It has long been rumored that Micro .ft is working on two Xbox consoles for the Next-Gen, aiming to claim both ends of the market. And now, we can really confirm that the pricing scheme should be very familiar, matching the Xbox One X and the Xbox One S of the YX year.
We can confirm from our sources that the retail price of the entry level Xbox Series S will be 29 299, with 25 25 per month being the Xbox All Access financing option, which MicroSF intends to push hard through various retailers and large global rollouts. The more powerful Xbox Series X is priced at 4 9499, with the એક્સ 35 per month Xbox All Access financing option.
Both consoles will launch on November 10, 2020.
The Xbox Series S has just been leaked (via Brad Sons), giving us an entry-level next-gen SKU from Micro .ft. Gives a glimpse of. The Xbox Series S is small enough to fit inside an Xbox Series X, and we expect it to be around 4TF RDNA2, making it almost as powerful as the Xbox One X, possibly leaning towards a 1080p monitor with a much better frame rate.
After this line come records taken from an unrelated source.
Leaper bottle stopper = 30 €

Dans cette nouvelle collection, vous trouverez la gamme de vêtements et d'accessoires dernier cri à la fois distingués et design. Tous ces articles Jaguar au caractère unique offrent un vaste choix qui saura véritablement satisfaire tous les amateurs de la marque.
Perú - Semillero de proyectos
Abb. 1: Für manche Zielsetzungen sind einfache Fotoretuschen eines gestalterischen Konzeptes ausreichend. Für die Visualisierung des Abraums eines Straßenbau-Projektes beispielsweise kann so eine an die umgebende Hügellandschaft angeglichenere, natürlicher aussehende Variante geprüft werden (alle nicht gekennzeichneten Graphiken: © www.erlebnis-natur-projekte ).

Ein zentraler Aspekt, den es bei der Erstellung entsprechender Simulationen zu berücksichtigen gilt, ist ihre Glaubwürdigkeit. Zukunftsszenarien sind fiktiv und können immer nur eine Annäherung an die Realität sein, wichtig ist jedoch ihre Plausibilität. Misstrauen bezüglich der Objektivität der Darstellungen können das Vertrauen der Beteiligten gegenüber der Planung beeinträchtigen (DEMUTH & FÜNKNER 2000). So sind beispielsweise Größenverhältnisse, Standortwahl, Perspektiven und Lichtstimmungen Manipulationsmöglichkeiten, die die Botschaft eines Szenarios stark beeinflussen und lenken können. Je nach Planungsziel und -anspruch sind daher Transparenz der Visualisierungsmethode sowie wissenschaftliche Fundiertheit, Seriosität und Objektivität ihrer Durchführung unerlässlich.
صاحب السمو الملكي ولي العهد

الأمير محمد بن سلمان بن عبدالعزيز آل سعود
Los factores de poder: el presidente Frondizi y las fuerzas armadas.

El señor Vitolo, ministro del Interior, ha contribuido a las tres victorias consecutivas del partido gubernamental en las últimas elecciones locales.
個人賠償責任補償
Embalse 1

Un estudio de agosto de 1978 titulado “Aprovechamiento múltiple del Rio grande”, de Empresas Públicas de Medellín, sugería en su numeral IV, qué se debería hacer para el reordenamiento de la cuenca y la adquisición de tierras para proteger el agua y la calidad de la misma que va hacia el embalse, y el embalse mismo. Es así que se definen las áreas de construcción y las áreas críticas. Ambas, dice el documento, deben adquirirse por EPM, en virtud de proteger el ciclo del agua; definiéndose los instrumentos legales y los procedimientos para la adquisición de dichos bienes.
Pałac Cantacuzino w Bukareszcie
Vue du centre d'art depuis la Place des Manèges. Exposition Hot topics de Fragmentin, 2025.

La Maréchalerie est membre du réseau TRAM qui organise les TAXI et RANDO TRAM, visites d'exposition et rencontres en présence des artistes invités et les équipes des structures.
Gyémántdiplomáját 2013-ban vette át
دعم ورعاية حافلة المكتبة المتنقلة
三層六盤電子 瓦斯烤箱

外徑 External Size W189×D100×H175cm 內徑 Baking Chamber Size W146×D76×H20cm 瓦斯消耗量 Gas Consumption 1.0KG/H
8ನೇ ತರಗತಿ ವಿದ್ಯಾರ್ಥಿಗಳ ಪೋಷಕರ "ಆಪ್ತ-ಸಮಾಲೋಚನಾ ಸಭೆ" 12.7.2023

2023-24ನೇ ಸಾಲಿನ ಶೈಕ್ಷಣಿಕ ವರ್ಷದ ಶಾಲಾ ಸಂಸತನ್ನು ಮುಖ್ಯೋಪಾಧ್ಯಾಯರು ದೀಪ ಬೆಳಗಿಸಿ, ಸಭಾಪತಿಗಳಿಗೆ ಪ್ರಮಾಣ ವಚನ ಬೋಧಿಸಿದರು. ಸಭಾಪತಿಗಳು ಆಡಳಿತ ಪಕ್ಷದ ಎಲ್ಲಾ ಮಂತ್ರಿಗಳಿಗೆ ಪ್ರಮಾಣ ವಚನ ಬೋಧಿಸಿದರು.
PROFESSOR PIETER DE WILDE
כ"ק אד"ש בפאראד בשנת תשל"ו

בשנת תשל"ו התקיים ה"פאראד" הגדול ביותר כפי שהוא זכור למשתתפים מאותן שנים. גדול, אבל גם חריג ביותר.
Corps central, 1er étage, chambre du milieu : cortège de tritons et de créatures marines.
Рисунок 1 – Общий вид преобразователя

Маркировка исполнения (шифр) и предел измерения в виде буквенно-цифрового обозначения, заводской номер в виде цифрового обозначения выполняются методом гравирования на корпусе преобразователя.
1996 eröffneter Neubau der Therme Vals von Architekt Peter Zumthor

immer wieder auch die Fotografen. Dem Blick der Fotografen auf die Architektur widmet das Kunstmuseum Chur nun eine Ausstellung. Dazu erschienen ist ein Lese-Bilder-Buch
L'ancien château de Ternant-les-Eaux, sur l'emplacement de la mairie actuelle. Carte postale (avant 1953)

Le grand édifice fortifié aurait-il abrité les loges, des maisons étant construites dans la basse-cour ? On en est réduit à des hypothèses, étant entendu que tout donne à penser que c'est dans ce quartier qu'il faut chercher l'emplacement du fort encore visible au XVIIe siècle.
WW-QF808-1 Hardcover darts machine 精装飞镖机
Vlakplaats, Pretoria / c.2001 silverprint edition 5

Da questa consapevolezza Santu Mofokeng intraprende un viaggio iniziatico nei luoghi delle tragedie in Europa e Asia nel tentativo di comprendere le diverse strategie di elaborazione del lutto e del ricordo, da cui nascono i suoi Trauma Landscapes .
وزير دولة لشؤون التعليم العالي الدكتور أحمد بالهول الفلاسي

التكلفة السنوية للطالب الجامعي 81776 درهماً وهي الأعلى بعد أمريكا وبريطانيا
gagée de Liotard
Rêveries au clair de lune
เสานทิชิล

We don’t have more details about the capabilities of the console beyond that, but we do expect a number of games, and ray tracing, such as NVME drives, and a fast relaunch of many new game “next-gen” features.
– King King (T (h _h0x0d_)) September 8, 2020
The Xbox Series X is a 12 TF beast of console that will boast 4K resolution and 60 fps as standard, in all games up to 120 fps in multiplayer, with some games like Halo Infinity.
The prices that Microsoft has put forward for the Xbox Series S and Xbox Series X put them strongly in-line with the Xbox One S and Xbox One X, and it will be interesting to see what prices Sony offers in the price of the PlayStation 5 in competition.
Micro .ft x gen gen x access l access access financing will be pushed more broadly than this mass, which was seen as a pilot program. We expect the Xbox All Access Access to enter many more markets than ever before, and we expect the Xbox series to offer a console to launch simultaneously globally in existing Xbox markets, one slower than the one we saw for the Xbox in 2013.